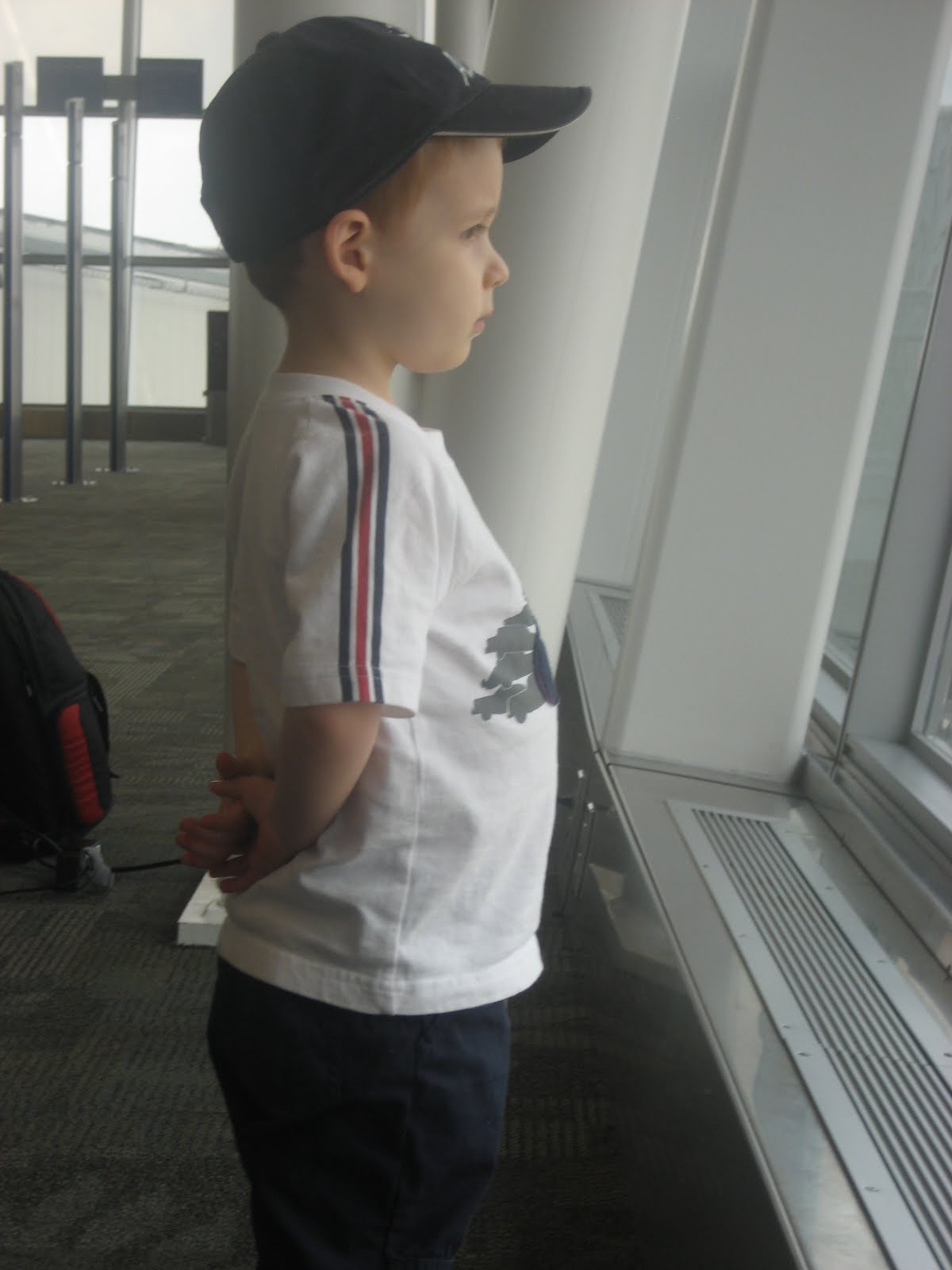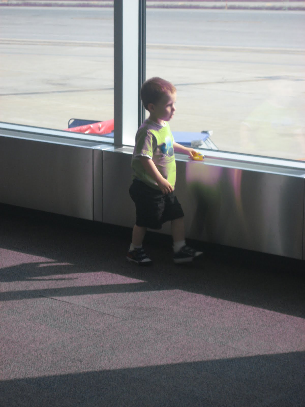 This is my oldest, Andrew. He will turn 3 in the fall ( I can hardly believe it!) He is AMAZED by any type of vehicle – cars, trucks, trains and of course Planes! So he absolutely loved waiting for our plane in the airport. It did not phase him one bit that the storms that day kept our plane on a 3 hour delay, making us miss our connection in Baltimore where we ended up flying stand by. The more time in the airport for him, the better! 🙂
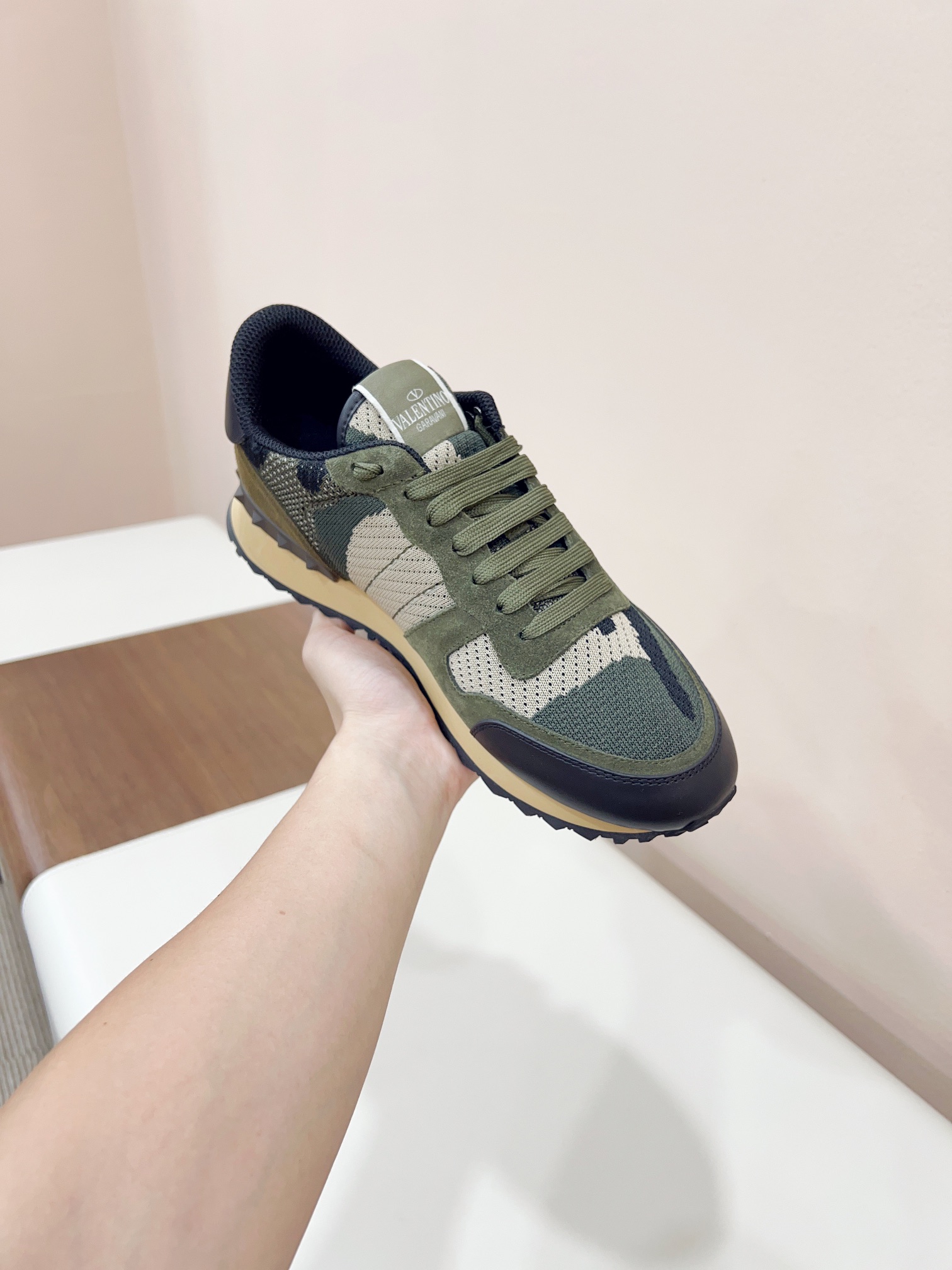 This shoes is AAAAA 1:1 quality (superb). Materials used are identical to the original ones. Valentino trademark marks are indistinguishable to the authentic. Photos take by actual shoes, what you receive will be 100% same with our photos.
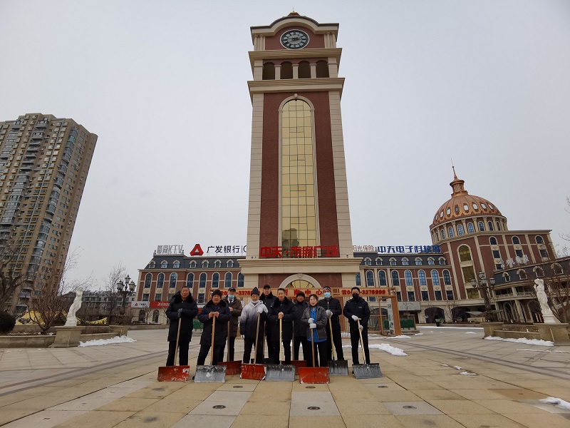 今年的正月初一,营口下起中雪。一大早,保洁师傅们第一个来到市府广场,以雪为令挥舞着铁锹,扫帚,动作干脆有力。清除广场上的积雪,杂物,扮靓市府广场。春节的这几天保洁员们每天都早早来到岗位,一天打扫六、七遍。虽然工作辛苦,但是大家却在工作岗位上干得很开心。“春节期间,人流量大,垃圾的清扫量比平时更多。我们商业物业的保洁们不怕苦不怕累,只为能给更多市民呈现一个干净、整洁的市府广场,是他们每天工作的动力”。
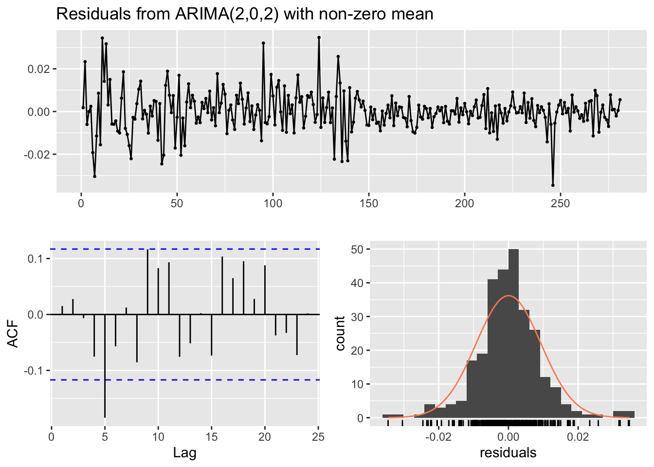 - \(u_t\) = 0.65 \(u_{t-1}+\epsilon_t\) -0.54 \(\epsilon_{t-1}\) + 0.22 \(\epsilon_{t-2}\)
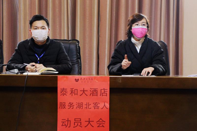 王奇勋是泰和大酒店总经理,大年三十,他和家人吃了一顿团年饭后就再也没有离开过酒店。当泰和大酒店被市抗疫指挥部定为接待疫源地客人定点酒店后,他第一时间想到的是如何为客人为员工提供防护保障。口罩、防护服、酒精、84消毒液等物资紧缺,他发朋友圈,发微信群,四处寻求支援。5000只口罩来了,一件件酒精来了,一套套防护服来了。但是王奇勋不敢松一口气,“湘鄂一家亲”微信群里的湖北客人正在闹情绪。“王总,中央空调停不得,我们冷啊,”“王总,房间卫生清扫、要消毒啊”客人一个又一个要求。
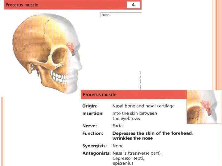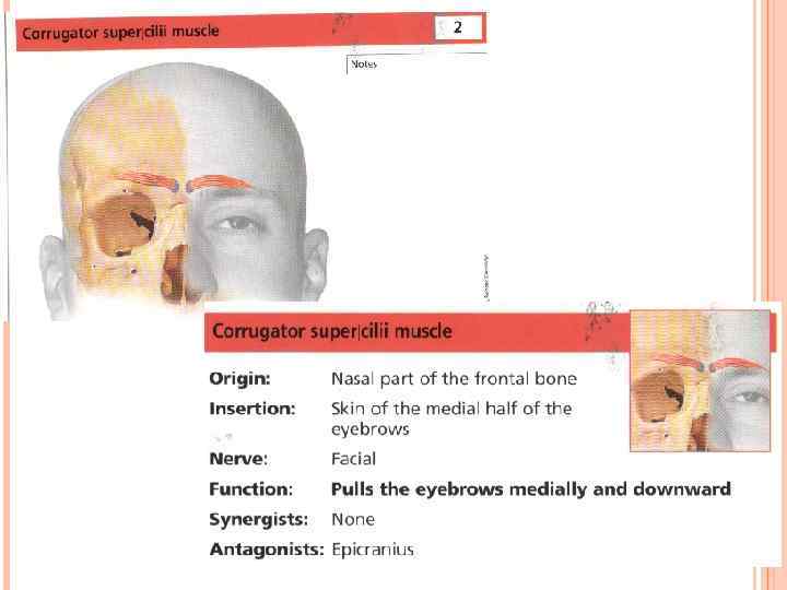 Эта маленькая мышца расположена между двумя лобными мышцами у основания брови (внутренний край). Она нахмуривает брови, сближая их и образуя между ними вертикальные морщины. Это мышца сильной эмоциональной активности. Она делает заметными возбуждение и боль. 3 Мышца, сморщивающая бровь
******
Work to be completed —
Retype the entries above exactly. Stop after the line containing "今年的正月初一,营口下起中雪", and omit the pictures.

Answer section —
 This is my oldest, Andrew. He will turn 3 in the fall ( I can hardly believe it!) He is AMAZED by any type of vehicle – cars, trucks, trains and of course Planes! So he absolutely loved waiting for our plane in the airport. It did not phase him one bit that the storms that day kept our plane on a 3 hour delay, making us miss our connection in Baltimore where we ended up flying stand by. The more time in the airport for him, the better! 🙂
 This shoes is AAAAA 1:1 quality (superb). Materials used are identical to the original ones. Valentino trademark marks are indistinguishable to the authentic. Photos take by actual shoes, what you receive will be 100% same with our photos.
 今年的正月初一,营口下起中雪。一大早,保洁师傅们第一个来到市府广场,以雪为令挥舞着铁锹,扫帚,动作干脆有力。清除广场上的积雪,杂物,扮靓市府广场。春节的这几天保洁员们每天都早早来到岗位,一天打扫六、七遍。虽然工作辛苦,但是大家却在工作岗位上干得很开心。“春节期间,人流量大,垃圾的清扫量比平时更多。我们商业物业的保洁们不怕苦不怕累,只为能给更多市民呈现一个干净、整洁的市府广场,是他们每天工作的动力”。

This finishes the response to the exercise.